> EXERCISE AIM: Skip any pictures. Repeat the data exactly, from its first line through the line that holds "第27分钟,布鲁诺·费尔南德", both included.

[Records drawn from a dataset]
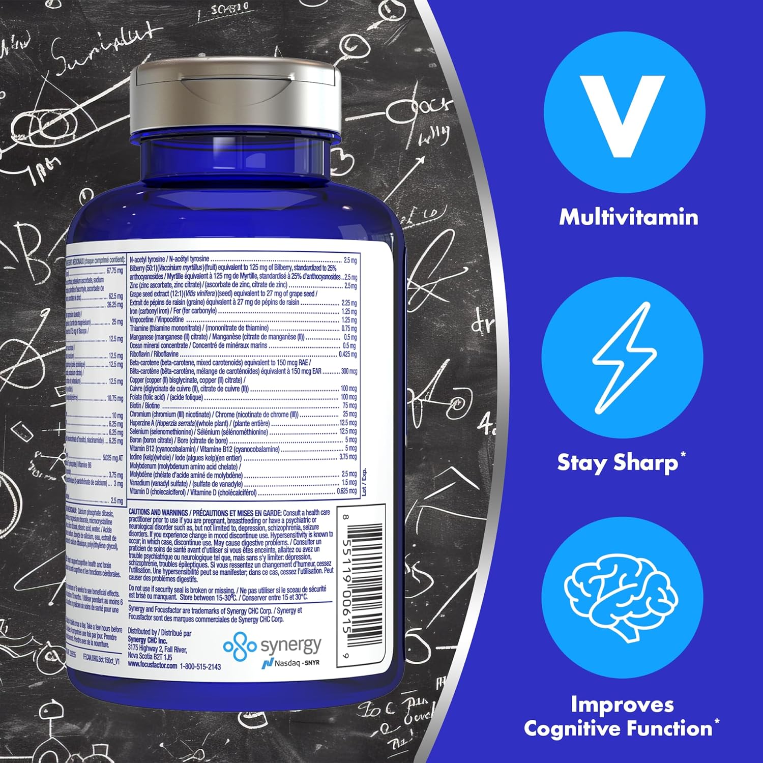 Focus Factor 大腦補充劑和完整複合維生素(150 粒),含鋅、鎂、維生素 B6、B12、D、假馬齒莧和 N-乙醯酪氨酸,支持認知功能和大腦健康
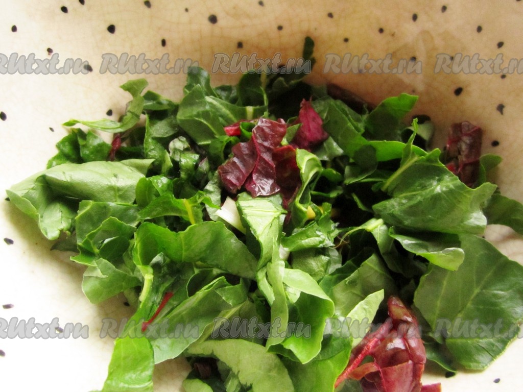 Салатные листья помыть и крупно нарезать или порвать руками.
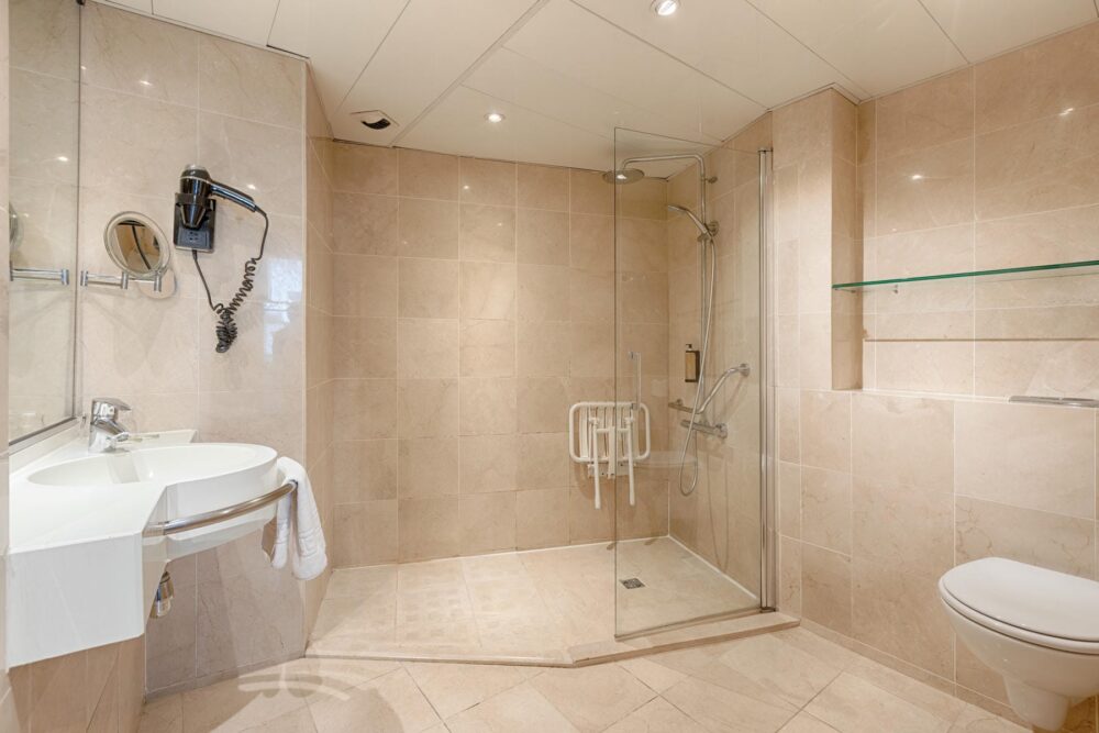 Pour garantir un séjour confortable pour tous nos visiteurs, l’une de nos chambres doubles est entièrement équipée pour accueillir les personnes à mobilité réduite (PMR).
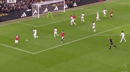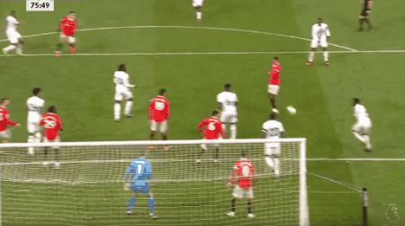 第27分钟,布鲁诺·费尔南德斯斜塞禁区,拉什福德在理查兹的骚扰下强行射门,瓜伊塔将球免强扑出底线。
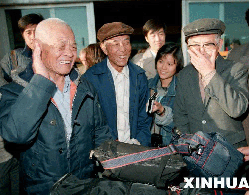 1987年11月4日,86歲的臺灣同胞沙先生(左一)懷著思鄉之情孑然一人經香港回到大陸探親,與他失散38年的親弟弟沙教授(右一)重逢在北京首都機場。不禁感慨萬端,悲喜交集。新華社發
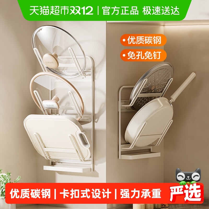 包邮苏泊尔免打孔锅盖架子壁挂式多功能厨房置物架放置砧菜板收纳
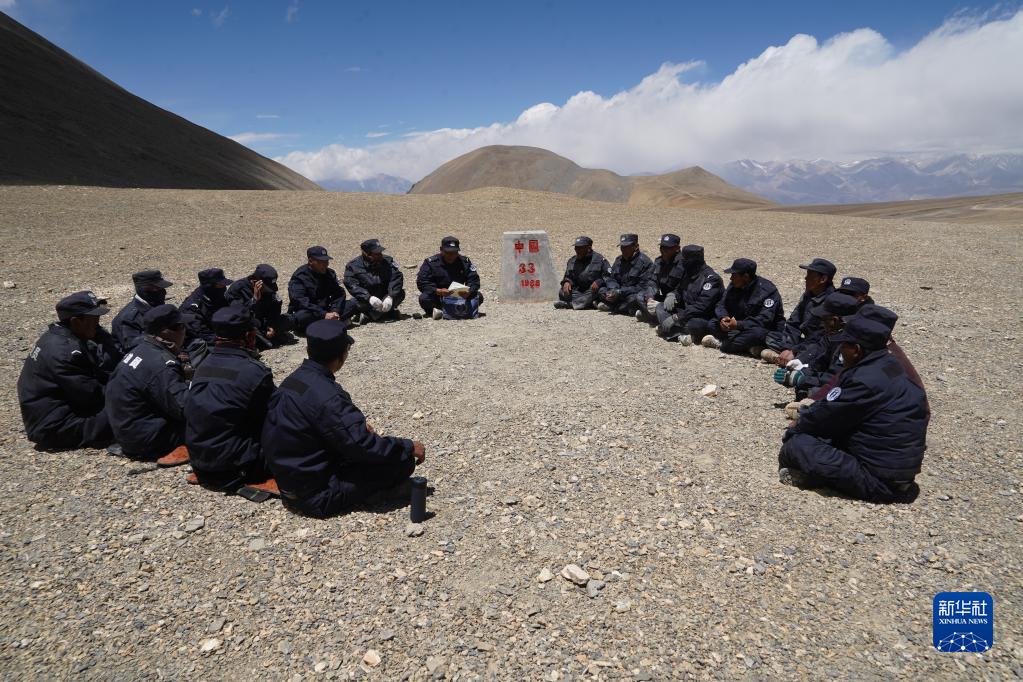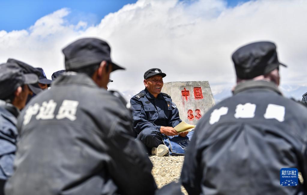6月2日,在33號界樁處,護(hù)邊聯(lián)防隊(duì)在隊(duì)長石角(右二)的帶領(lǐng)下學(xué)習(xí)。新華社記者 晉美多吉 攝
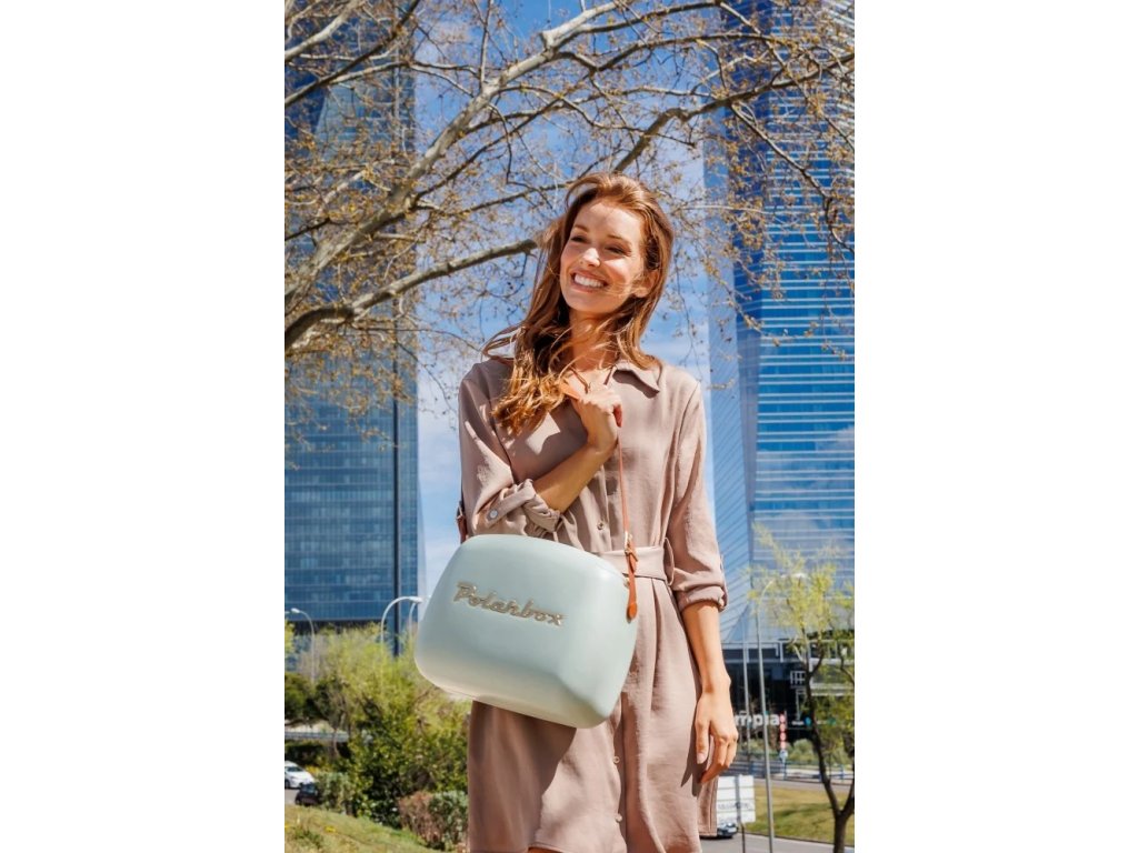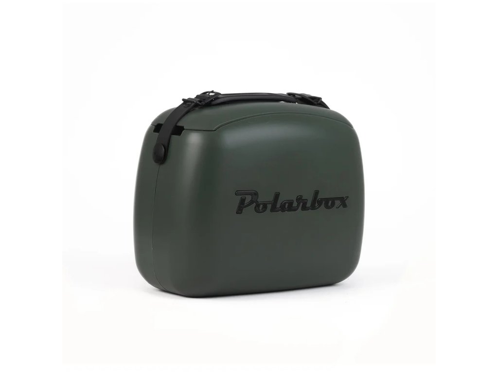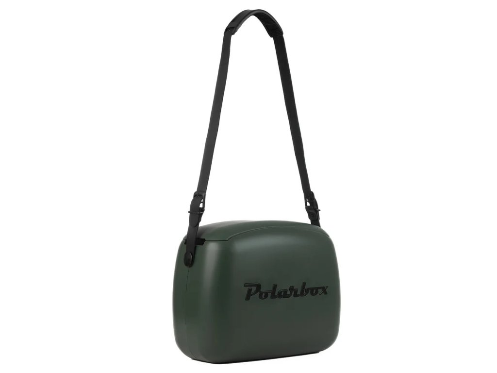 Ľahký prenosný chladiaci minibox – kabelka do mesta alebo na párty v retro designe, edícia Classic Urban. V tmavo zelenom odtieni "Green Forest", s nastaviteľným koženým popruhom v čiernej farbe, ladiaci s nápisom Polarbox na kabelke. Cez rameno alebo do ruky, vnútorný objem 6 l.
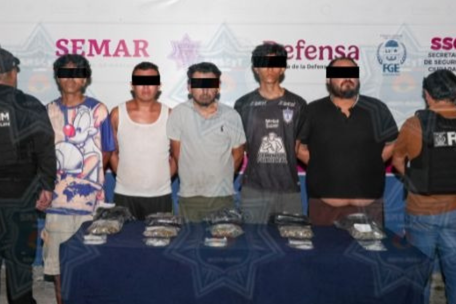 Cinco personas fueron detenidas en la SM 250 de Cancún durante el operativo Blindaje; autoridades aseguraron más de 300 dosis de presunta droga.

> ANSWER TO THIS TASK:
 Focus Factor 大腦補充劑和完整複合維生素(150 粒),含鋅、鎂、維生素 B6、B12、D、假馬齒莧和 N-乙醯酪氨酸,支持認知功能和大腦健康
 Салатные листья помыть и крупно нарезать или порвать руками.
 Pour garantir un séjour confortable pour tous nos visiteurs, l’une de nos chambres doubles est entièrement équipée pour accueillir les personnes à mobilité réduite (PMR).
 第27分钟,布鲁诺·费尔南德斯斜塞禁区,拉什福德在理查兹的骚扰下强行射门,瓜伊塔将球免强扑出底线。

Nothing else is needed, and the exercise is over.